### The data

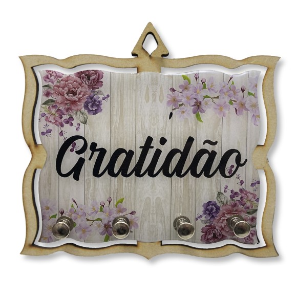 *Porta Chaves Gratidão MDF Resinado - 15,5x14cm.
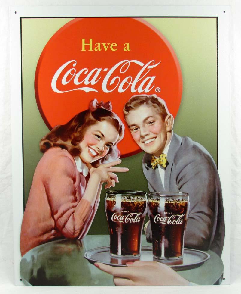 COCA COLA COUPLE METAL ADVERTISING SIGN - APPROX. 12.5" BY 16"
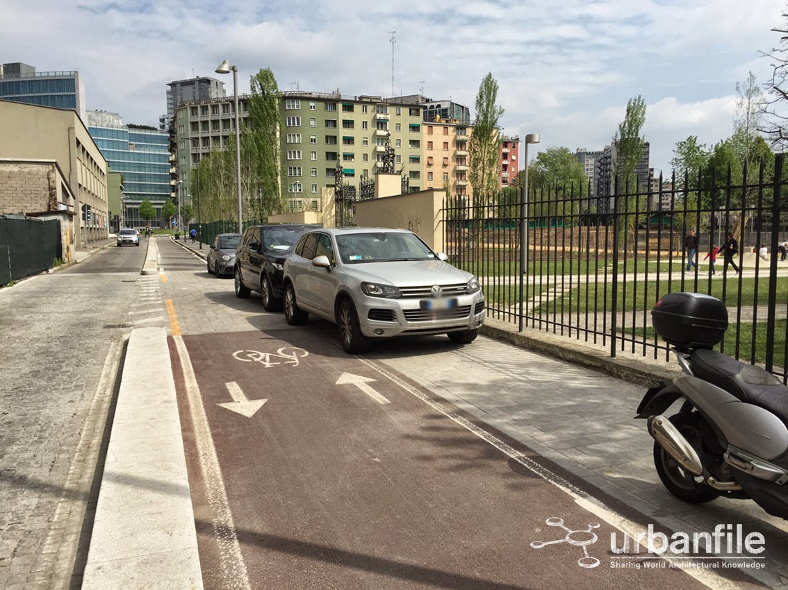 Via Gaetano de Castillia ha una bella pista ciclabile, oramai da almeno tre anni. Eppure pare che alcuni neanche notino la sua presenza. E’ incredibile come a Milano ci sia un così scarso senso civico e un rispetto delle più banali regole. Questo succede spesso e non è l’unica zona così poco rispettata.
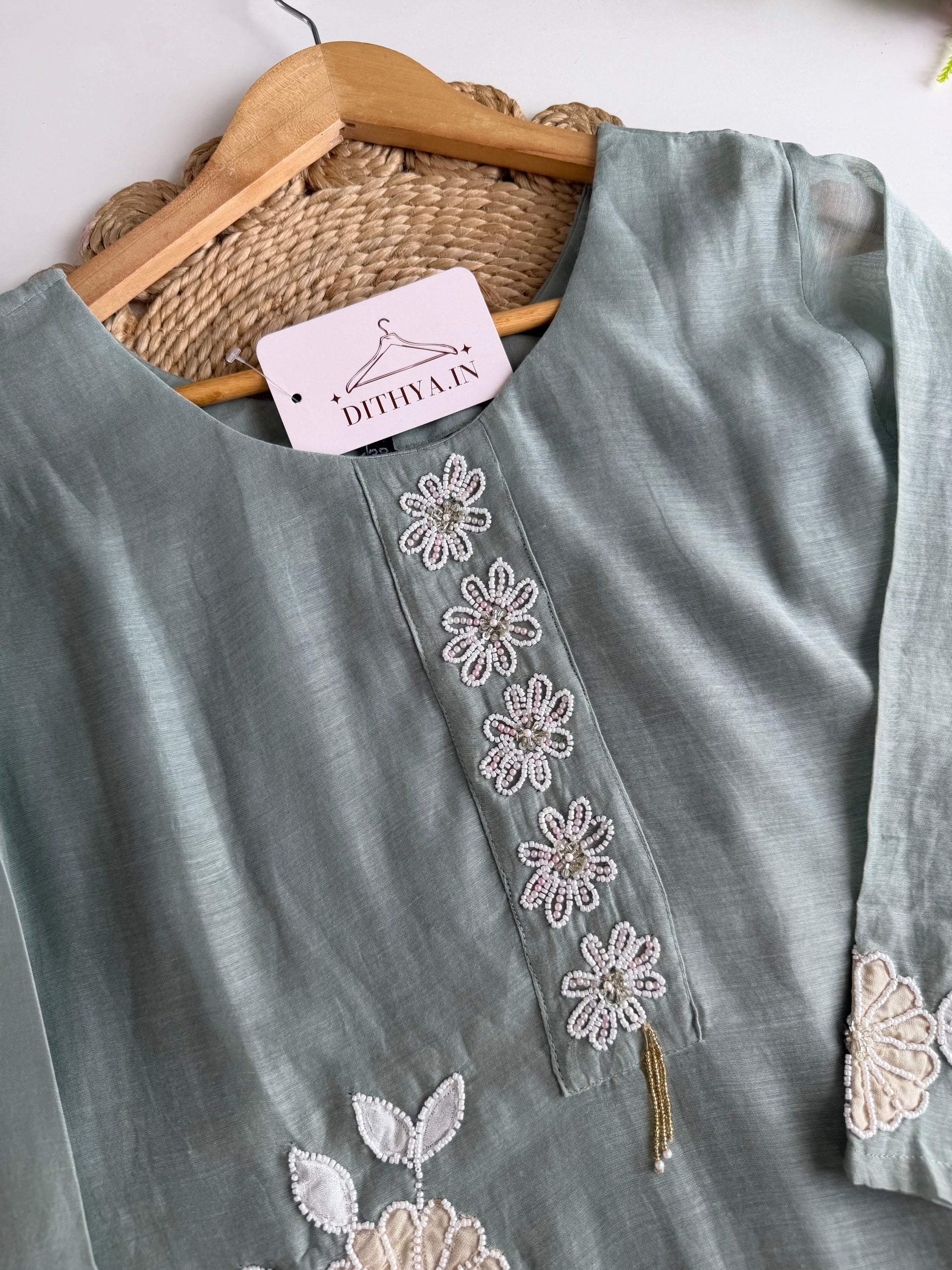 Expertly crafted from luxurious mul chanderi fabric, this handwork coord set is the epitome of elegance. With intricate detailing and a timeless design, it's the perfect addition to any wardrobe. The lightweight fabric offers comfort and breathability, while the handwork adds a touch of artistry. Elevate your style with this exquisite coord set.
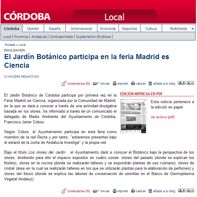 El Jardín Botánico de Córdoba participa por primera vez en la Feria Madrid es Ciencia, organizada por la Comunidad de Madrid, en la que se dará a conocer a través de una actividad divulgativa basada en los olores, ha informado a través de un comunicado el delegado de Medio Ambiente del Ayuntamiento de Córdoba, Francisco Javier Cobos.
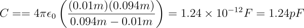 | A parallel-plate capacitor has a capacitance of 1.97 pF and a plate area of 5.86 cm2. What is the separation distance between the plates? |
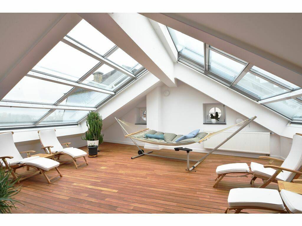 - The top floor is converted into a multi-purpose workspace and a winter garden with a retractable roof to enjoy in good weather, a wide-open view of the beautiful surrounding landscapes.
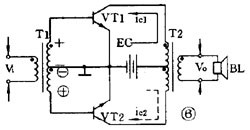 圖 6 是常用的乙類推挽功率放大電路。它由兩個特性相同的晶體管組成對稱電路,在沒有輸入信號時,每個管子都處于截止狀態,靜態電流幾乎是零,只有在有信號輸入時管子才導通,這種狀態稱為乙類工作狀態。當輸入信號是正弦波時,正半周時 VT1 導通 VT2 截止,負半周時 VT2 導通 VT1 截止。兩個管子交替出現的電流在輸出變壓器中合成,使負載上得到純正的正弦波。這種兩管交替工作的形式叫做推挽電路。
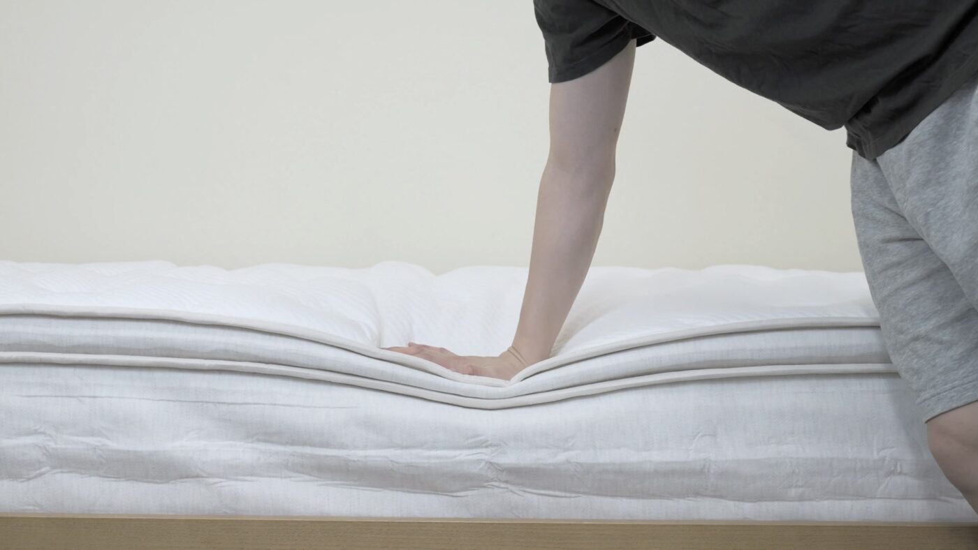 上層の分厚いBOXトップが体を優しく受け止めるため、横になった瞬間はふんわり沈み込む柔らかさを感じますが、下層のコイルがしっかり支え返してくれる安心感も同時に得られます。
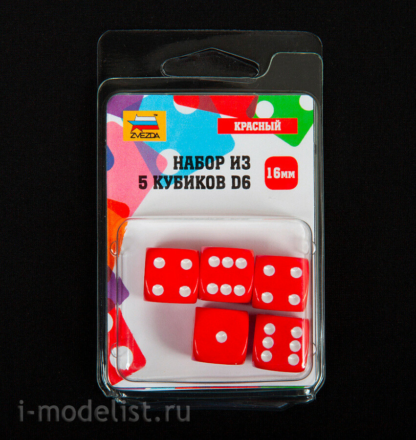 1229 Zvezda Набор из 5 кубиков D6, 16мм. Красный с белыми точками в блистере
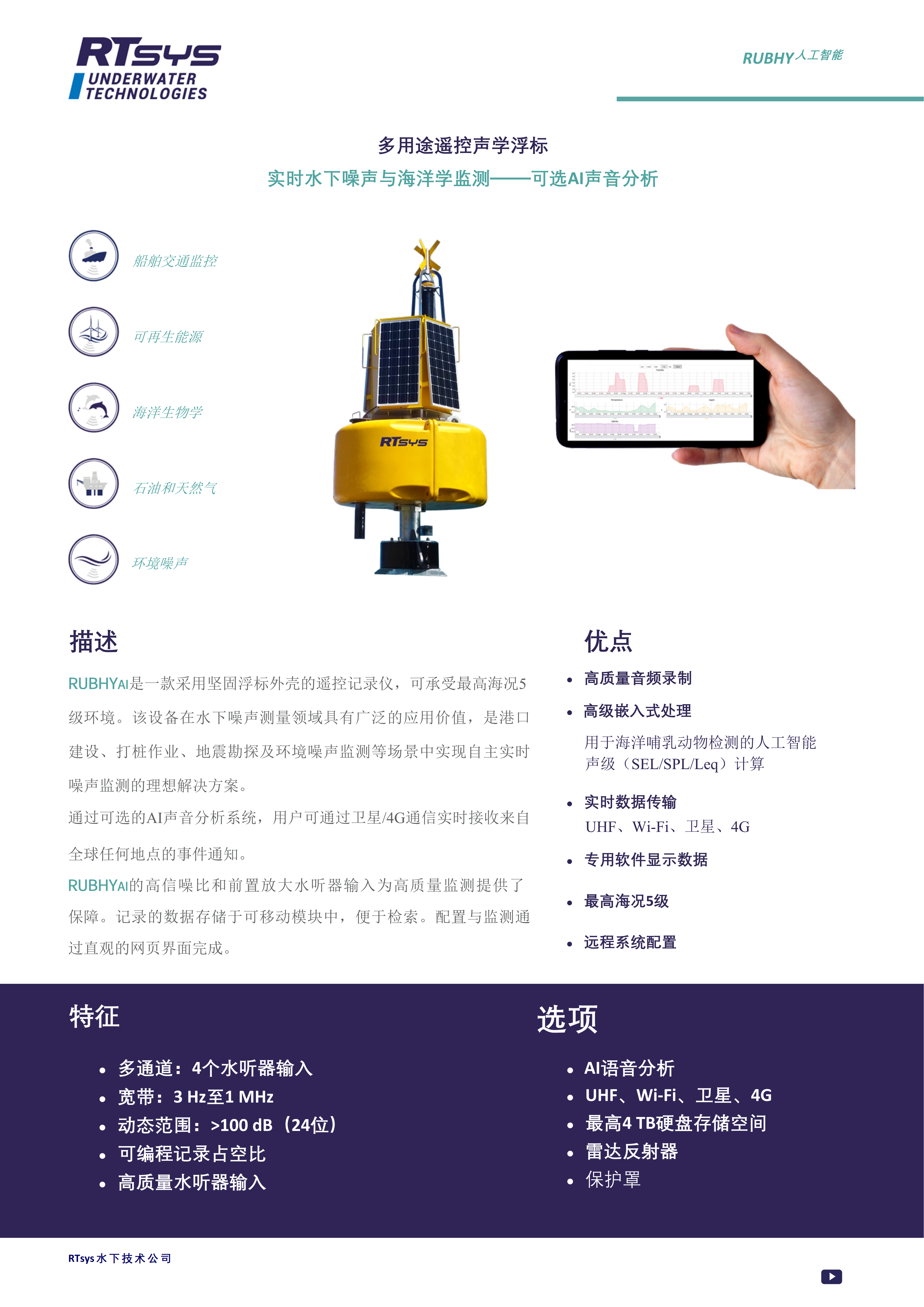 • 产品名称:多用途遥控声学浮标 实时水下噪声与海洋学监测——可选AI声音分析
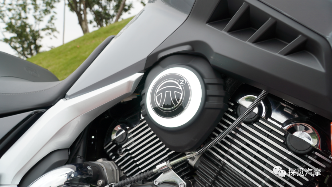 一台小排量V缸,居然能凸显出这么大的体量感,上面仿的散热鳍片也是布林布林的。视觉效果真的是非常到位。
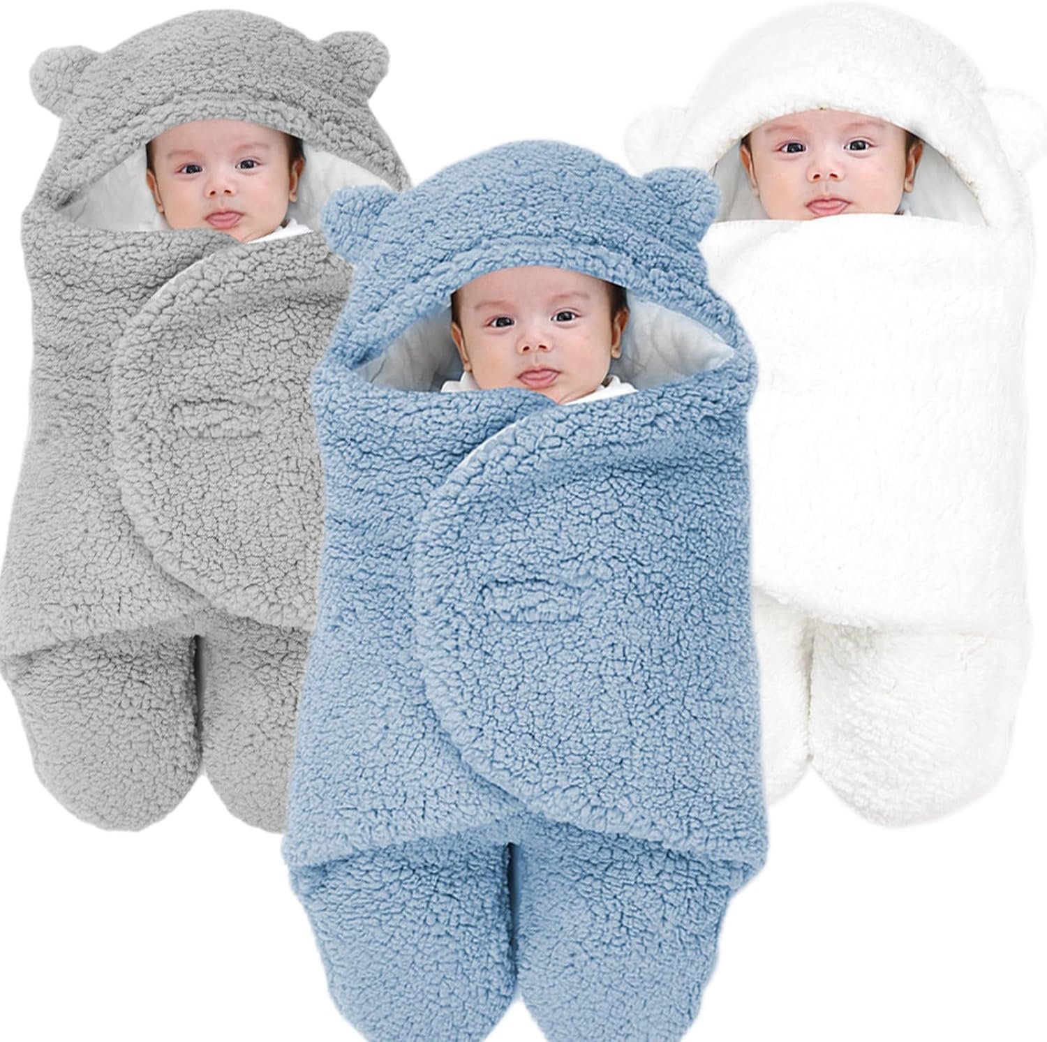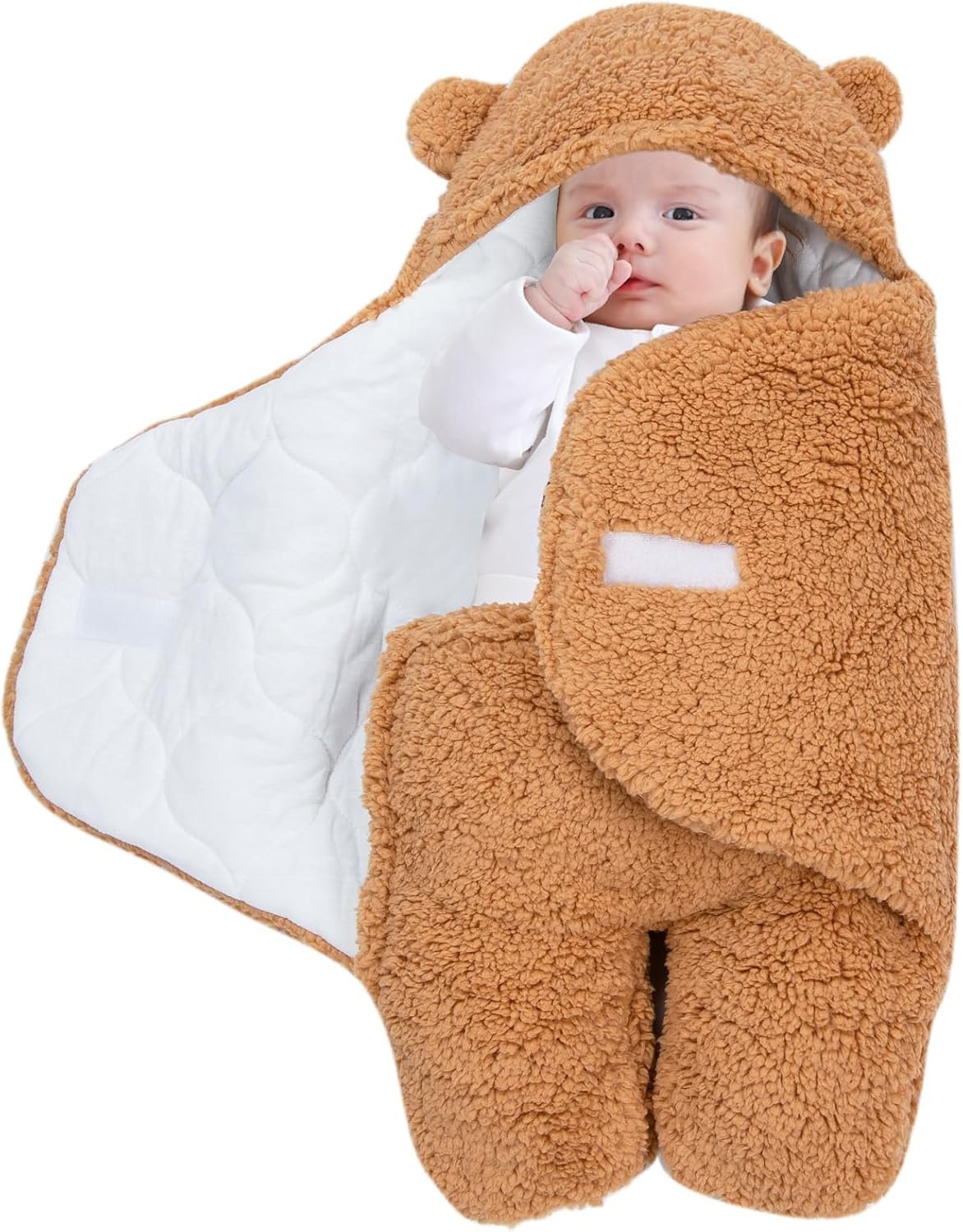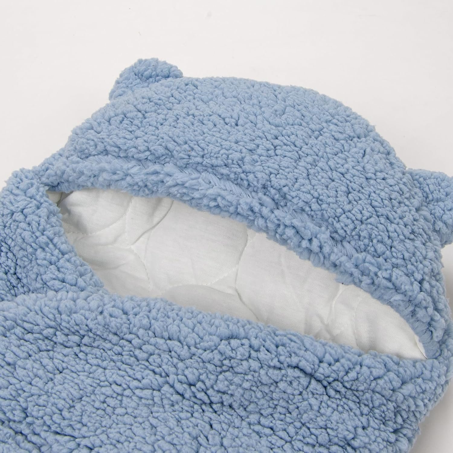 COZY DESIGN: Adorable bear-themed hooded swaddle blanket made with ultra-soft sherpa fleece exterior and smooth white inner lining for maximum comfort
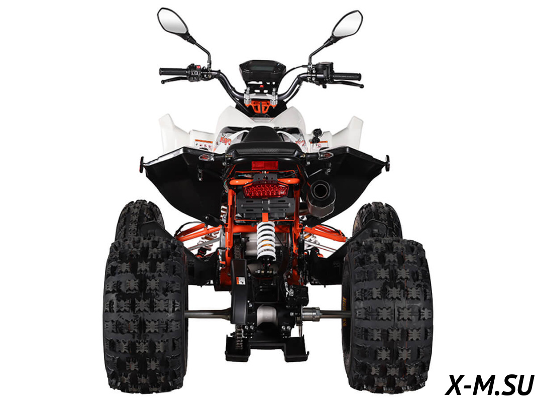 На KAYO A300 задействована развитая многорычажная подвеска. Удлинённые рычаги позволили изменить угол наклона амортизаторов и увеличить ширину колеи. Это повысило устойчивость и управляемость квадрицикла. Для адаптации под конкретные задачи подвеску можно настраивать. Длина переднего амортизатора 375 мм, длина заднего амортизатора 380 мм.

### About this task
Print each line from the one containing "1229 Zvezda Набор" through the last line of the listing, both included, exactly and with no pictures.

### Solution for this task
 1229 Zvezda Набор из 5 кубиков D6, 16мм. Красный с белыми точками в блистере
 • 产品名称:多用途遥控声学浮标 实时水下噪声与海洋学监测——可选AI声音分析
 一台小排量V缸,居然能凸显出这么大的体量感,上面仿的散热鳍片也是布林布林的。视觉效果真的是非常到位。
 COZY DESIGN: Adorable bear-themed hooded swaddle blanket made with ultra-soft sherpa fleece exterior and smooth white inner lining for maximum comfort
 На KAYO A300 задействована развитая многорычажная подвеска. Удлинённые рычаги позволили изменить угол наклона амортизаторов и увеличить ширину колеи. Это повысило устойчивость и управляемость квадрицикла. Для адаптации под конкретные задачи подвеску можно настраивать. Длина переднего амортизатора 375 мм, длина заднего амортизатора 380 мм.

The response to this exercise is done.